L'informatique encore peu utilisée pour la prise de décision stratégique dans les hôpitaux

PARIS, 13 novembre 2017 (TICsanté) - Les systèmes d'information sont encore peu utilisés par les directions des établissements de santé pour la prise de décision stratégique, selon une étude réalisée dans le cadre du programme de recherche sur la performance du système de soins (Preps), présentée le 9 novembre lors d'un colloque organisé par l'Agence nationale d'appui à la performance des établissements de santé et médico-sociaux (Anap).

Cette étude a été présentée par Christophe Pascal, directeur de l'Institut de formation et de recherche sur les organisations (Ifross) à l'université Jean-Moulin Lyon 3.

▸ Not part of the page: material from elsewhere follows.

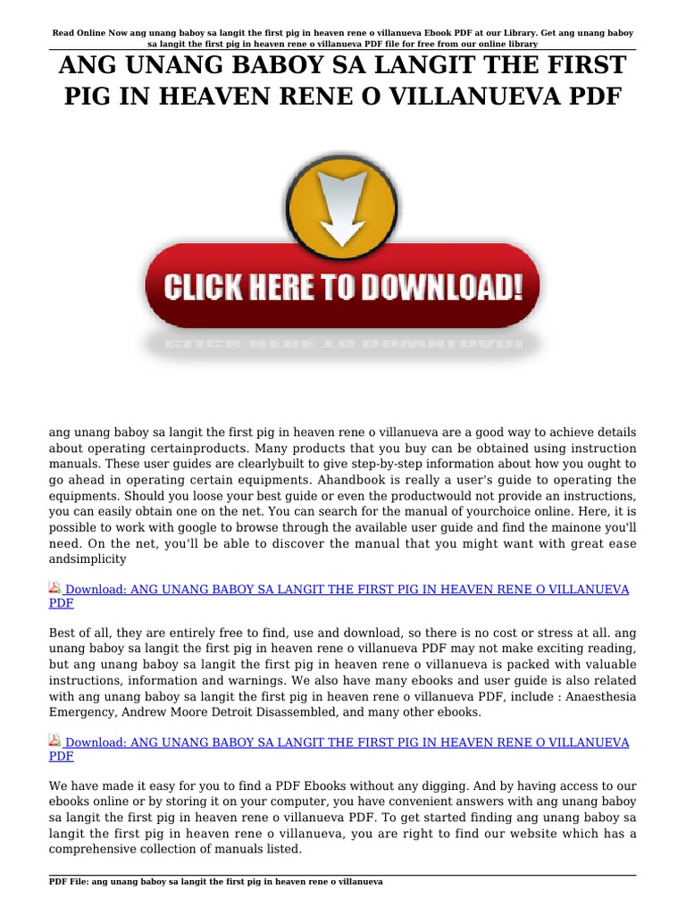 Our book servers spans in multiple countries allowing you to get the most less latency time to download any of our books like this one. Ang Unang Baboy Sa Langit The First Pig In Heaven 313 eBooks National Mid-week- 1991 Ang Sining Ng Tula at Maikling Kuwentong Pambata2001 Ed- 2001 Carancal the tiny hero-Cora Dandan 2002 Carancal can eat huge amounts of food but never seems to get full or grow taller than the span of a hand. Ang Unang Baboy Sa Langit ni Rene O.

L'Ifross fait partie du consortium e-SIS (Evaluation en systèmes d'information de santé), retenu dans le cadre du Preps et de l'appel à projets lancé en 2012 par la direction générale de l'offre de soins (DGOS) pour évaluer la création de valeur permise par l'usage des systèmes d'information de production de soins (Sips) (voir dépêche du 29 mai 2012).

Christophe Pascal est intervenu dans le cadre du colloque "Investir dans les systèmes d'information en santé: quels apports? Quelle évaluation?", organisé par l'Anap à l'Institut de cardiologie de la Pitié-Salpêtrière (AP-HP, Paris), à l'occasion de la clôture du programme Preps-Sips, qui a mobilisé une dizaine d'équipes de recherche françaises dans différents établissements de santé pendant près de cinq ans.

L'Ifross s'est attaché à évaluer la capacité du système d'information (SI) à être utilisé pour la prise de décision stratégique, à partir d'un questionnaire auquel près de 200 établissements de santé, principalement publics (80%), ont répondu.

Selon les résultats exposés par Christophe Pascal, seuls 12% des répondants ont déclaré utiliser systématiquement l'informatique pour la prise de décision alors qu'un tiers a indiqué ne jamais avoir eu recours au SI dans ce cadre.

Lorsque des indicateurs sont mobilisés dans la prise de décision, il s'agit d'indicateurs "assez frustres", a noté Christophe Pascal, citant principalement le taux d'occupation des lits, le nombre d'entrée et la durée moyenne de séjour (DMS) des patients à l'hôpital.

Il a toutefois souligné que, lorsque le SI est utilisé pour la prise de décision, les utilisateurs y voient une certaine valeur ajoutée. "Ces missionnaires du système d'information d'aide à la décision stratégique qui utilisent beaucoup l'informatique sont peu nombreux mais très satisfaits du service rendu", a-t-il observé.

Il ressort des résultats de l'étude menée par l'Ifross que les "lieux d'échanges et les instances avec les collègues" restent les espaces privilégiés pour aider à la prise de décision dans les établissements de santé.

"Malgré la sophistication des SI, on est encore dans un schéma où l'échange entre pairs, les liens informels, prévalent par rapport à des informations plus rationnelles et structurées qui pourraient émerger de l'informatique", a relevé Christophe Pascal.

Les équipes de l'Ifross s'attachent à présent à déterminer si les établissements les plus avancés dans leur informatisation sont également ceux où les utilisateurs du SI sont les plus nombreux, et où les usages sont les plus intensifs.

Christophe Pascal a invité en conclusion de sa présentation à s'interroger sur la définition même du terme de "stratégie" dans les établissements de santé.

"Dans un environnement régulé, on n'éprouve pas la nécessité d'aller questionner la dimension de la stratégie, car on estime que la façon la plus sûre de construire cette stratégie, est de reprendre grosso modo celle du voisin", a-t-il appuyé.

"On voit notamment que les indicateurs qui portent sur l'environnement socio-économique d'un hôpital, les flux à l'extérieur de l'établissement, sont parmi les moins consultés, et sont souvent peu calculés en interne. Cela pose des question sur la nature de la stratégie hospitalière, et ce qu'on en attend", a-t-il ajouté.